In preparation for enabling HW semaphores, we need to keep in flight
timeline HWSP alive until the entire system is idle, as any other
timeline active on the GPU may still refer back to the already retired
timeline. We both have to delay recycling available cachelines and
unpinning old HWSP until the next idle point (i.e. on parking).

That we have to keep the HWSP alive for external references on HW raises
an interesting conundrum. On a busy system, we may never see a global
idle point, essentially meaning the resource will be leaking until we
are forced to sleep. What we need is a set of RCU primitives for the GPU!
This should also help mitigate the resource starvation issues
promulgating from keeping all logical state pinned until idle (instead
of as currently handled until the next context switch).

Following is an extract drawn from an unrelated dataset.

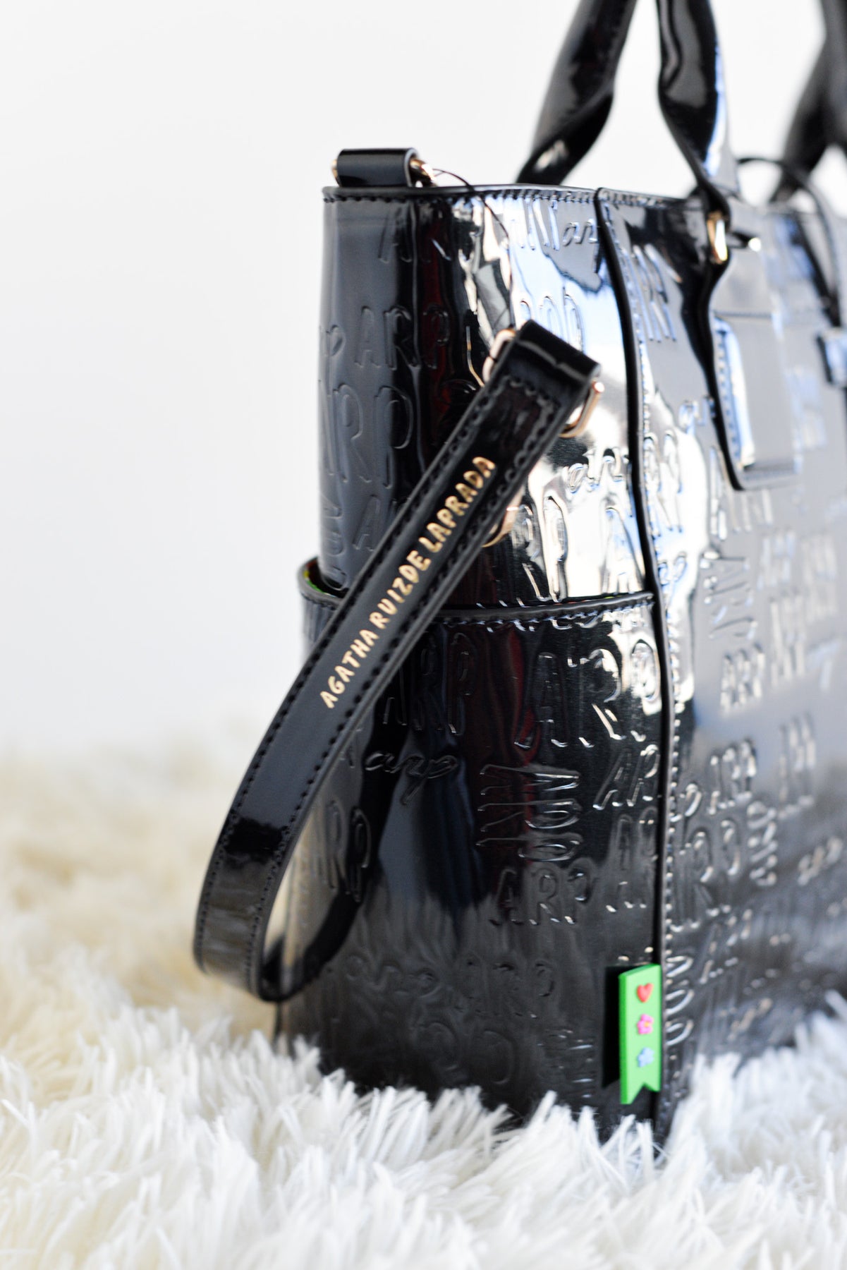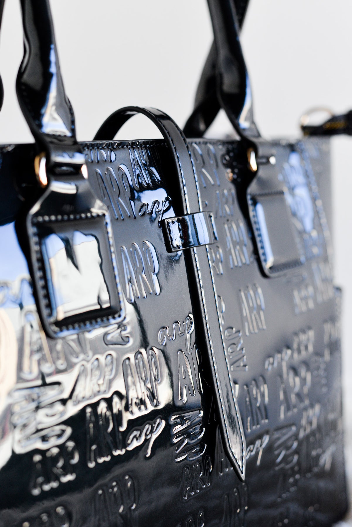Este shopper grande de charol estructurado eleva cualquier look con su acabado premium y el logo ARP grabado en distintos tamaños y tipografías, que aportan textura y sofisticación en cada detalle.

v2: Use idle barriers to free stale HWSP as soon as all current requests
are idle, rather than rely on the system reaching a global idle point.
(Tvrtko)

Signed-off-by: Chris Wilson <chris@chris-wilson.co.uk>
---
 drivers/gpu/drm/i915/i915_request.c  |  33 ++++----
 drivers/gpu/drm/i915/i915_timeline.c | 118 +++++++++++++++++++++++----
 drivers/gpu/drm/i915/i915_timeline.h |   1 +
 3 files changed, 121 insertions(+), 31 deletions(-)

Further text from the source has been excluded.